• _What you need to do_: Copy exactly the lines of the material below, starting with the first and including the line that holds "The outdoor patio".

• _Exercise material_:
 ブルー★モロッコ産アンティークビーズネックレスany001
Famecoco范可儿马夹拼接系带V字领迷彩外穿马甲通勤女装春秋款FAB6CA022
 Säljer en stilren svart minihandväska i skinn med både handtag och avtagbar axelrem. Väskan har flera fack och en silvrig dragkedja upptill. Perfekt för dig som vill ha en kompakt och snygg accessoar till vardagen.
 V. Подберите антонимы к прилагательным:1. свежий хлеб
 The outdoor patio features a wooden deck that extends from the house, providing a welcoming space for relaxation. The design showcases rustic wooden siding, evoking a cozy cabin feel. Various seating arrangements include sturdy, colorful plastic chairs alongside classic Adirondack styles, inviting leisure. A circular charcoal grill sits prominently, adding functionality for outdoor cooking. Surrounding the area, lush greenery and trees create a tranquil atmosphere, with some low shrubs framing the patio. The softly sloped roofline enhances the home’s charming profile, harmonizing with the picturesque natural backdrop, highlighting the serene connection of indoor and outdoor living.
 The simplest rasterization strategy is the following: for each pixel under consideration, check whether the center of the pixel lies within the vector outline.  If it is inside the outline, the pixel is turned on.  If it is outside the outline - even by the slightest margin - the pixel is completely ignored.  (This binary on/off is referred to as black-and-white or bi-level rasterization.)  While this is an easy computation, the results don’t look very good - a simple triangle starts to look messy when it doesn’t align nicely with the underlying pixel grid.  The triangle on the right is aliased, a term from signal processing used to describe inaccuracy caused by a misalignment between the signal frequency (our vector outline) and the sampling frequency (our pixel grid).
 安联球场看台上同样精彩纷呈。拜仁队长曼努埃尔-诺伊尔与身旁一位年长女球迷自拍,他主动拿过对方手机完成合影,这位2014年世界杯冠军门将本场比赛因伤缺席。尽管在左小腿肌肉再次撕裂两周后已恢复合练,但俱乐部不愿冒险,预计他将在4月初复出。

• _Output for this exercise_:
 ブルー★モロッコ産アンティークビーズネックレスany001
Famecoco范可儿马夹拼接系带V字领迷彩外穿马甲通勤女装春秋款FAB6CA022
 Säljer en stilren svart minihandväska i skinn med både handtag och avtagbar axelrem. Väskan har flera fack och en silvrig dragkedja upptill. Perfekt för dig som vill ha en kompakt och snygg accessoar till vardagen.
 V. Подберите антонимы к прилагательным:1. свежий хлеб
 The outdoor patio features a wooden deck that extends from the house, providing a welcoming space for relaxation. The design showcases rustic wooden siding, evoking a cozy cabin feel. Various seating arrangements include sturdy, colorful plastic chairs alongside classic Adirondack styles, inviting leisure. A circular charcoal grill sits prominently, adding functionality for outdoor cooking. Surrounding the area, lush greenery and trees create a tranquil atmosphere, with some low shrubs framing the patio. The softly sloped roofline enhances the home’s charming profile, harmonizing with the picturesque natural backdrop, highlighting the serene connection of indoor and outdoor living.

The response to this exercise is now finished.